I need to write optimized NEON code for a project, and I am very happy to write assembly language, but for portability / maintainability I use NEON instrinsics. This code should be as fast as possible, so I use my experience in optimizing ARM to correctly alternate instructions and avoid pipe kiosks. No matter what I do, GCC works against me and creates slower code full of stalls.
Does anyone know how to get GCC to go astray and just translate my insides into code?
Here is an example: I have a simple loop that cancels and copies floating point values. It works with 4 sets of 4 at a time to give some time for memory to load and instructions to execute. There were many registries left, so he had no reason to distort things so much.
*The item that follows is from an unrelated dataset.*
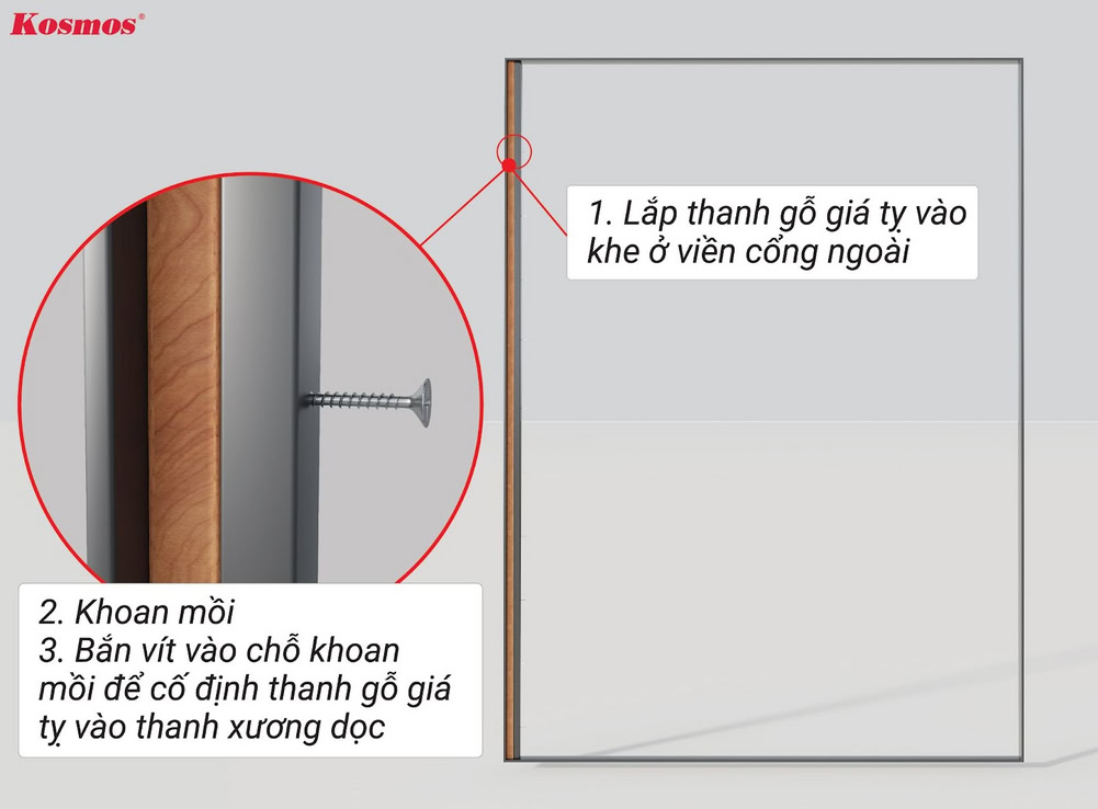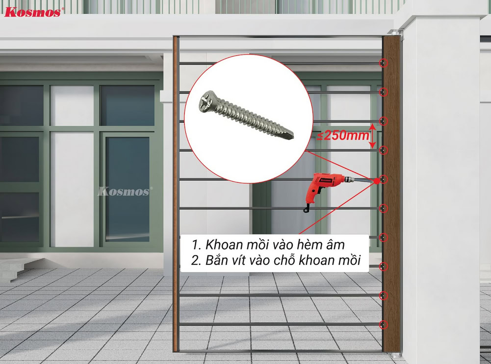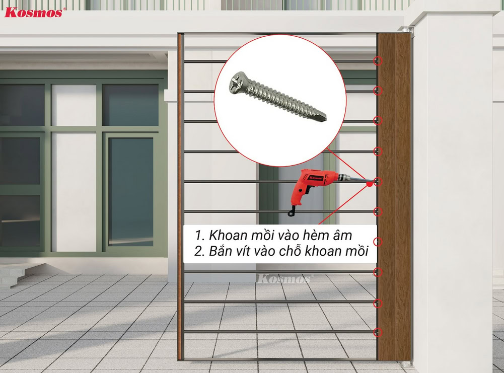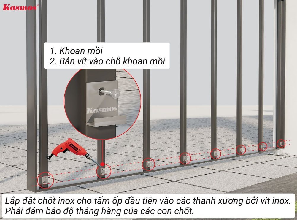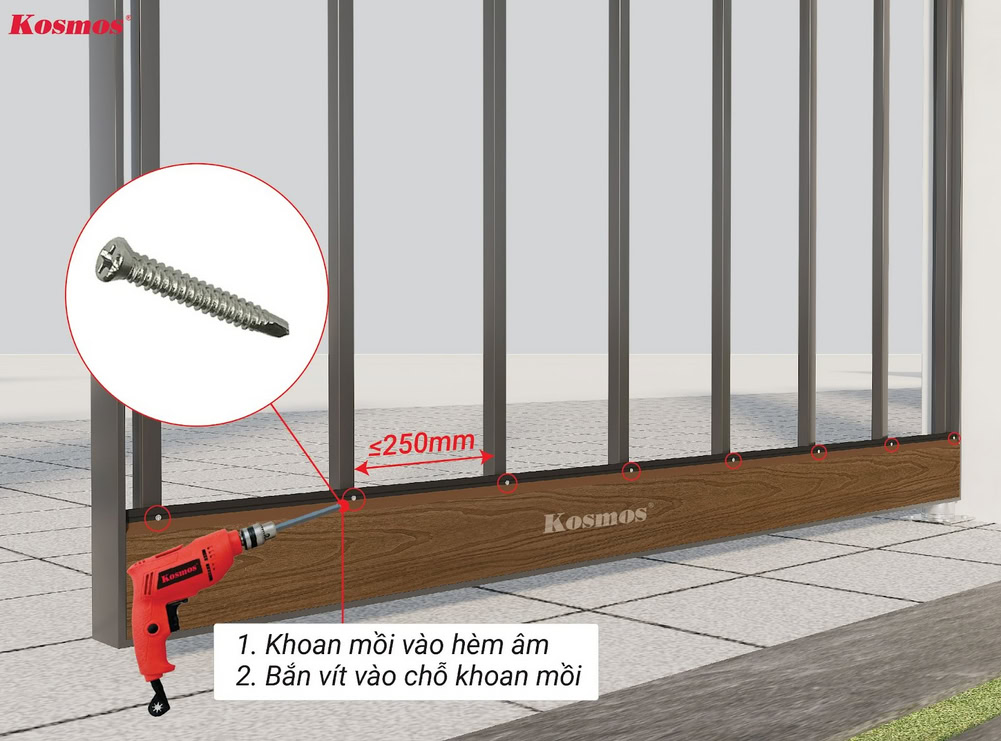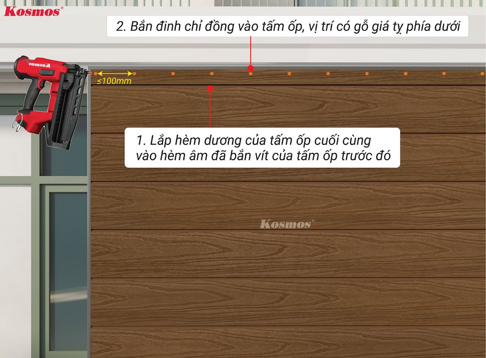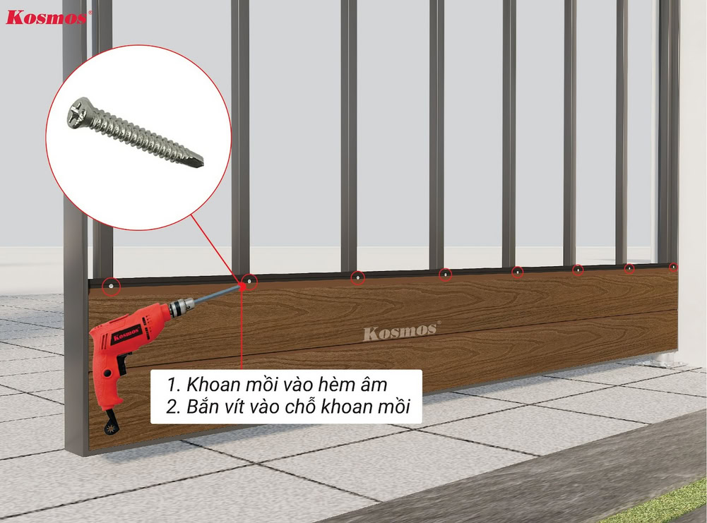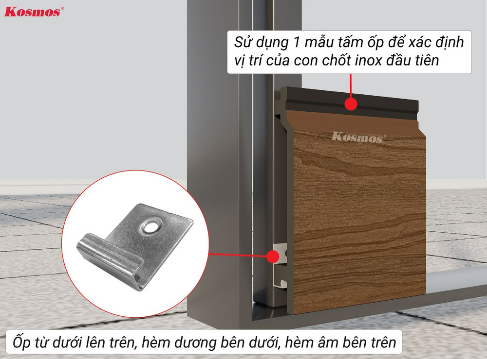 ** Kosmos khuyến cáo: Cần khoan mồi trước khi bắn vít vào hèm âm của tấm ốp gỗ nhựa 2 lớp phủ Polymer OP156.

float32x4_t f32_0, f32_1, f32_2, f32_3; int x; for (x=0; x<n-15; x+=16) { f32_0 = vld1q_f32(&s[x]); f32_1 = vld1q_f32(&s[x+4]); f32_2 = vld1q_f32(&s[x+8]); f32_3 = vld1q_f32(&s[x+12]); __builtin_prefetch(&s[x+64]); f32_0 = vnegq_f32(f32_0); f32_1 = vnegq_f32(f32_1); f32_2 = vnegq_f32(f32_2); f32_3 = vnegq_f32(f32_3); vst1q_f32(&d[x], f32_0); vst1q_f32(&d[x+4], f32_1); vst1q_f32(&d[x+8], f32_2); vst1q_f32(&d[x+12], f32_3); }
This is the code that it generates:
vld1.32 {d18-d19}, [r5] vneg.f32 q9,q9 <-- GCC intentionally causes stalls add r7,r7,#16 vld1.32 {d22-d23}, [r8] add r5,r1,r4 vneg.f32 q11,q11 <-- all of my interleaving is undone (why?!!?) add r8,r3,#256 vld1.32 {d20-d21}, [r10] add r4,r1,r3 vneg.f32 q10,q10 add lr,r1,lr vld1.32 {d16-d17}, [r9] add ip,r1,ip vneg.f32 q8,q8
Additional Information:
- GCC 4.9.2 for Raspbian
- compiler flags:
-c -fPIE -march=armv7-a -Wall -O3 -mfloat-abi=hard -mfpu=neon
When I write a loop in ASM code matched as my built-in ones (without even using additional src / dest registers to get some free ARM loops), it is still faster than GCC code.
Update: I appreciate James's answer, but in the scheme of things, it really doesn't help with the problem. The simplest of my features has been slightly improved with the cortex-a7 option, but most have not changed. The sad truth is that the GCC optimization of the built-in functions is small. When I worked with the Microsoft ARM compiler several years ago, it consistently generated well-crafted output for embedded NEONs, while GCC stumbled sequentially. With GCC 4.9.x nothing has changed. I certainly appreciate the FOSS nature of GCC and the great work of GNU, but I do not deny that it does not do such work as Intel, Microsoft, or even ARM compilers.